Platform Reliability Availability: Collaborate with the Engineering Director and Principal Engineer to define the technical direction for our infrastructure, ensuring that it scales cost-effectively to support our growth.
Infrastructure Management: Utilize tools like Terraform, GitHub Actions, and scripting languages to manage and optimize our infrastructure and CI/CD systems.
Cloud Infrastructure Expertise: Become an expert in our technology stack, including AWS (RDS, ECS, EC2, S3, Lambda), Cloudflare, Redis, DNS, Docker, and the rest of the infrastructure platform.
Observability Incident Response: Use observability tools such as DataDog and AWS CloudWatch to monitor platform health, troubleshoot performance issues, and identify underlying causes. Participate in the on-call rotation to respond to incidents.
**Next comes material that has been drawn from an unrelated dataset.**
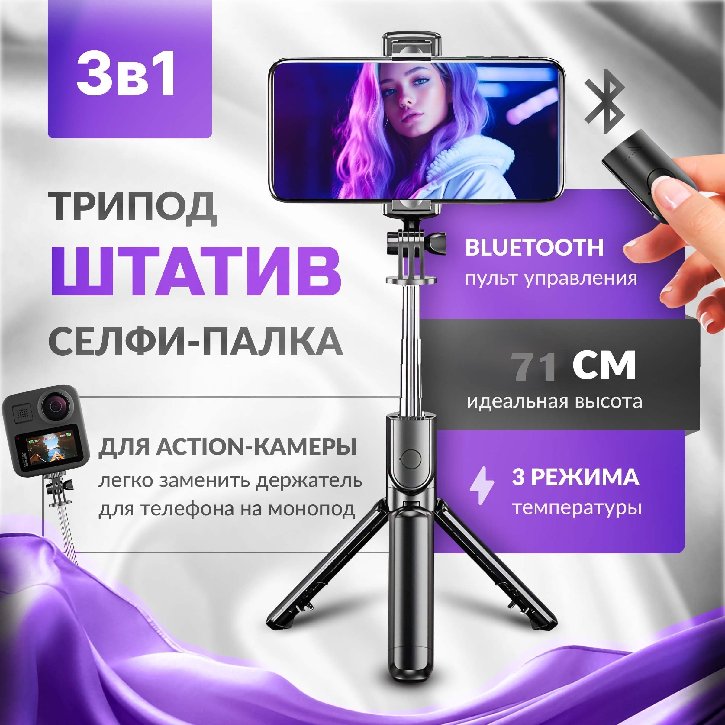 Штатив для телефона c лампой, Селфи палка для смартфона с Led подсветкой, Монопод трипод с Bluetooth пультом управления
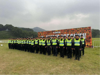 赛前,银剑安保团队提前“备战”,与主办方反复沟通磨合,逐一厘清赛事流程、参赛人员数量、场地周边环境等细节,进而打磨出兼顾全面性与严谨性的外场安保方案。安保人员穿梭于赛场周边,对交通要道、出入口等关键位置进行地毯式排查,不留任何安全死角;同时有条不紊地布设防护栏、张贴警示标识,用专业与细致为赛事安全筑牢第一道防线。

Disaster Recovery Incident Management: Ensure disaster recovery and incident response plans are regularly exercised and improved, using industry practices like gamedays and chaos engineering.
Developer Experience: Own and improve the developer experience by refining the development, testing, and continuous deployment processes to make it safer, faster, and easier for engineers to work.
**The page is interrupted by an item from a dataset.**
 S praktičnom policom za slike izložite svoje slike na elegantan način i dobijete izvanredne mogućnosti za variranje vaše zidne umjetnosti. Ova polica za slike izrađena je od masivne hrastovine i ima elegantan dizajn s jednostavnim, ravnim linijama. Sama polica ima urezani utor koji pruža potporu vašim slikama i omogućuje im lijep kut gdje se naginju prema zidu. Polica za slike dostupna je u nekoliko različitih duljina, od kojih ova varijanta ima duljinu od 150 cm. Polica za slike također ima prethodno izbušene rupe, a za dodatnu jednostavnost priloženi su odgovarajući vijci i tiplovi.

CI/CD Leadership: Be an expert in CI/CD principles, empowering engineers to deliver high-quality services to production continuously.
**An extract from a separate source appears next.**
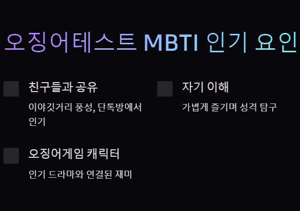 둘의 시너지가 합쳐지면서 “나의 성격이 오징어게임에서 어떤 캐릭터일까?”라는 흥미로운 상상이 가능해졌고, 이로 인해 오징어테스트 MBTI가 급부상하게 되었습니다.

Mentorship Collaboration: Support software engineers by pairing, mentoring, and demonstrating effective engineering practices. Facilitate understanding of the production deployment process and performance debugging.
DevOps Practice Leadership: Define and manage platform engineering decisions, ensuring all engineers on the on-call rota are well-prepared for incident response.
Requirements
Experience architecting and supporting cloud-native web application infrastructure, ideally using AWS services like RDS, ECS, EC2, S3, and Lambda.
Hands-on experience with containers and schedulers (e.g., Amazon ECS) and expertise with automated configuration management systems such as Terraform.
Strong understanding of Linux, networking, and security.
Experience supporting database administration and performance, with a focus on scalability and maintainability.
Passion for automating processes and improving the developer experience.
Experience working in a DevOps environment, closely collaborating with software engineers.
Proficiency in version control (e.g., Git) and the ability to use it effectively to structure and communicate your work.
Good to Have
Programming experience in Ruby, JavaScript, or Go.
Experience managing relationships with third-party suppliers, such as AWS and Cloudflare.
Familiarity with gamedays, chaos engineering, and other industry practices to enhance platform resilience.
Experience with disaster recovery and business continuity planning.